[Data records]
□ □ □ □ □ □ □

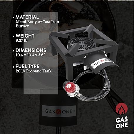 Thông tin sản phẩm GasOne High Pressure Single Propane Burner - Outdoor Cooking with Heat Shield and Guard – Propane Burner Head for Camping, Tailgating, Seafood Boil, Home Brewing - Patent Pending
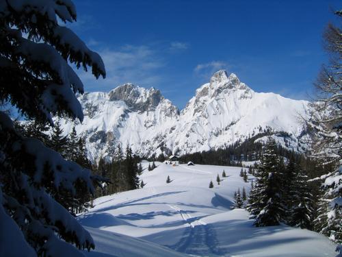 Beim Wiederabstieg zur Treffneralm und Mödlinger Hütte. Der oberste, von heftigen Winden umwehte Streckenteil liegt hinter mir.
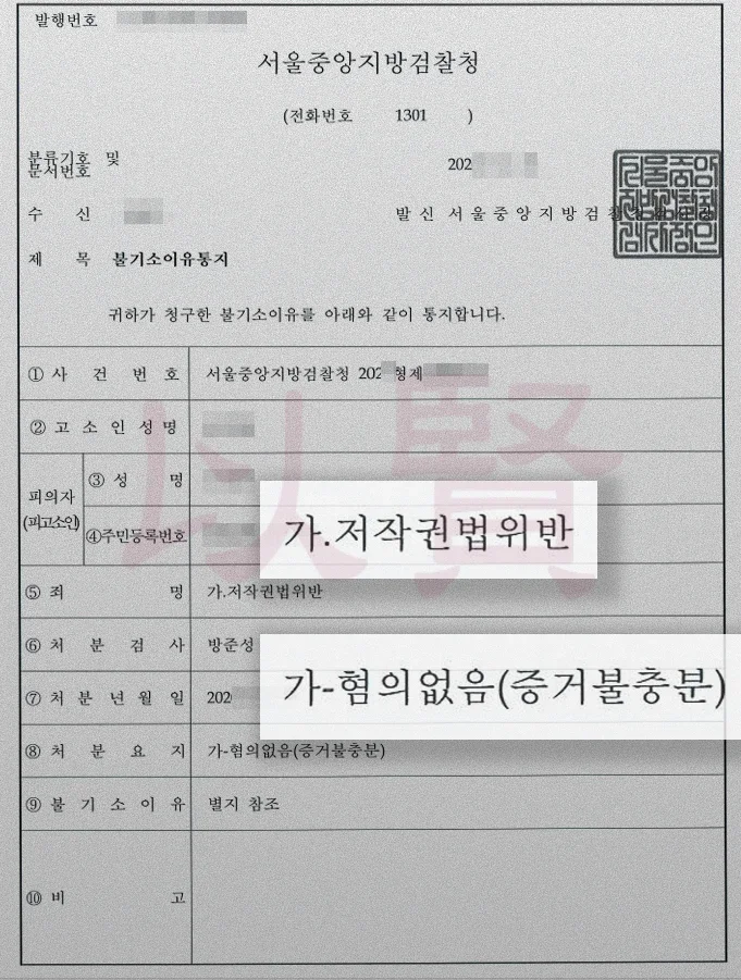 형사 처벌 및 전과 기록: 저작권법 위반은 엄연한 범죄입니다. 유죄가 인정되었다면 벌금형 이상의 처벌을 받아 전과자가 될 수 있었습니다.
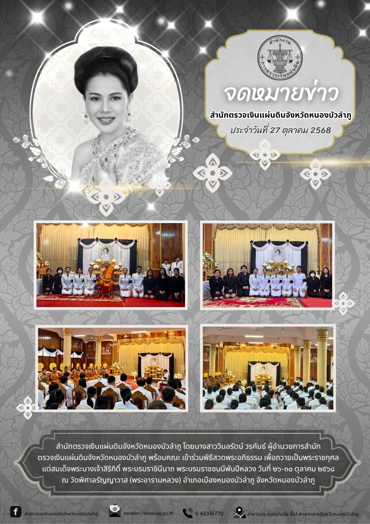 (วันที่ ๒๗ ตุลาคม ๒๕๖๘) สำนักตรวจเงินแผ่นดินจังหวัดหนองบัวลำภู โดยนางสาววิมลรัตน์ วรคันธ์ ผู้อำนวยการสำนักตรวจเงินแผ่นดินจังหวัดหนองบัวลำภู พร้อมคณะ เข้าร่วมพิธีสวดพระอภิธรรม เพื่อถวายเป็นพระราชกุศล แด่สมเด็จพระนางเจ้าสิริกิติ์ พระบรมราชินีนาถ พระบรมราชชนนีพันปีหลวง วันที่ ๒๖-๓๐ ตุลาคม ๒๕๖๘ ณ วัดพิศาลรัญญาวาส (พระอารามหลวง) อำเภอเมืองหนองบัวลำภู จังหวัดหนองบัวลำภู
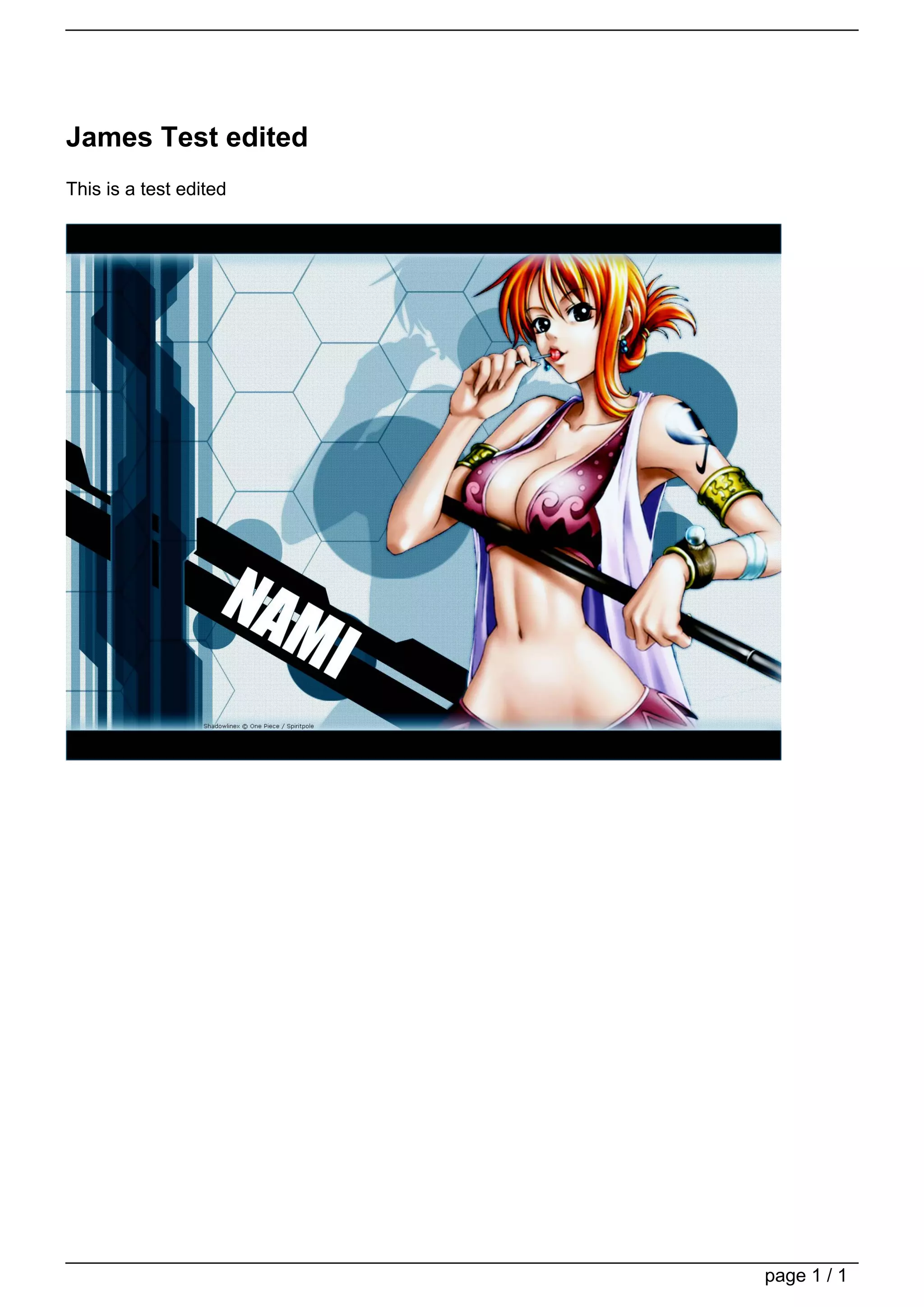 This one sentence document discusses a test edit by James Test. It provides his name and states that this is a test edit with no other details or context provided.
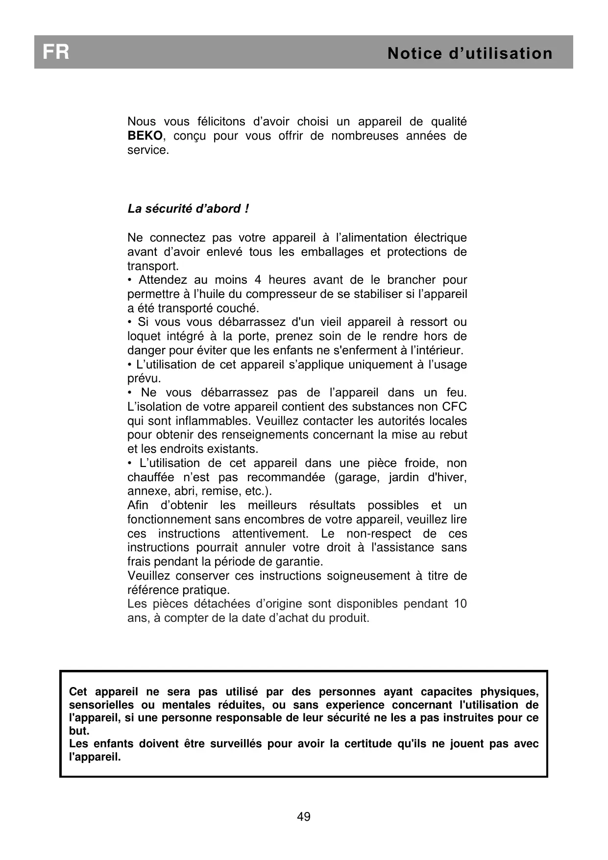 Index La sécurité d’abord /49 Conditions électriques /50 Instructions de transport /50 Instructions d’installation /50 Apprendre à connaître votre appareil /51 Suggestion d’agencement des denrées dans l’appareil /51 Commande de température et réglage /52 Avant l’utilisation /52 Conservation des denrées surgelées /52 Congélation des produits frais /52 Fabrication de glaçons /53 Dégivrage /53 Remplacer l'ampoule intérieure /53 Repositionnement de la porte /53 Nettoyage et entretien /54 À faire / À éviter /55 Diagnostic /56 Nous vous félicitons d’avoir choisi un appareil de qualité BEKO, conçu pour vous offrir de nombreuses années de service. La sécurité d’abord ! Ne connectez pas votre appareil à l’alimentation électrique avant d’avoir enlevé tous les emballages et protections de transport.

□ □ □ □ □ □ □

__Work instructions__
Your answer must consist of the entries, unchanged, with no pictures in it.

__Solution to the problem__
 Thông tin sản phẩm GasOne High Pressure Single Propane Burner - Outdoor Cooking with Heat Shield and Guard – Propane Burner Head for Camping, Tailgating, Seafood Boil, Home Brewing - Patent Pending
 Beim Wiederabstieg zur Treffneralm und Mödlinger Hütte. Der oberste, von heftigen Winden umwehte Streckenteil liegt hinter mir.
 형사 처벌 및 전과 기록: 저작권법 위반은 엄연한 범죄입니다. 유죄가 인정되었다면 벌금형 이상의 처벌을 받아 전과자가 될 수 있었습니다.
 (วันที่ ๒๗ ตุลาคม ๒๕๖๘) สำนักตรวจเงินแผ่นดินจังหวัดหนองบัวลำภู โดยนางสาววิมลรัตน์ วรคันธ์ ผู้อำนวยการสำนักตรวจเงินแผ่นดินจังหวัดหนองบัวลำภู พร้อมคณะ เข้าร่วมพิธีสวดพระอภิธรรม เพื่อถวายเป็นพระราชกุศล แด่สมเด็จพระนางเจ้าสิริกิติ์ พระบรมราชินีนาถ พระบรมราชชนนีพันปีหลวง วันที่ ๒๖-๓๐ ตุลาคม ๒๕๖๘ ณ วัดพิศาลรัญญาวาส (พระอารามหลวง) อำเภอเมืองหนองบัวลำภู จังหวัดหนองบัวลำภู
 This one sentence document discusses a test edit by James Test. It provides his name and states that this is a test edit with no other details or context provided.
 Index La sécurité d’abord /49 Conditions électriques /50 Instructions de transport /50 Instructions d’installation /50 Apprendre à connaître votre appareil /51 Suggestion d’agencement des denrées dans l’appareil /51 Commande de température et réglage /52 Avant l’utilisation /52 Conservation des denrées surgelées /52 Congélation des produits frais /52 Fabrication de glaçons /53 Dégivrage /53 Remplacer l'ampoule intérieure /53 Repositionnement de la porte /53 Nettoyage et entretien /54 À faire / À éviter /55 Diagnostic /56 Nous vous félicitons d’avoir choisi un appareil de qualité BEKO, conçu pour vous offrir de nombreuses années de service. La sécurité d’abord ! Ne connectez pas votre appareil à l’alimentation électrique avant d’avoir enlevé tous les emballages et protections de transport.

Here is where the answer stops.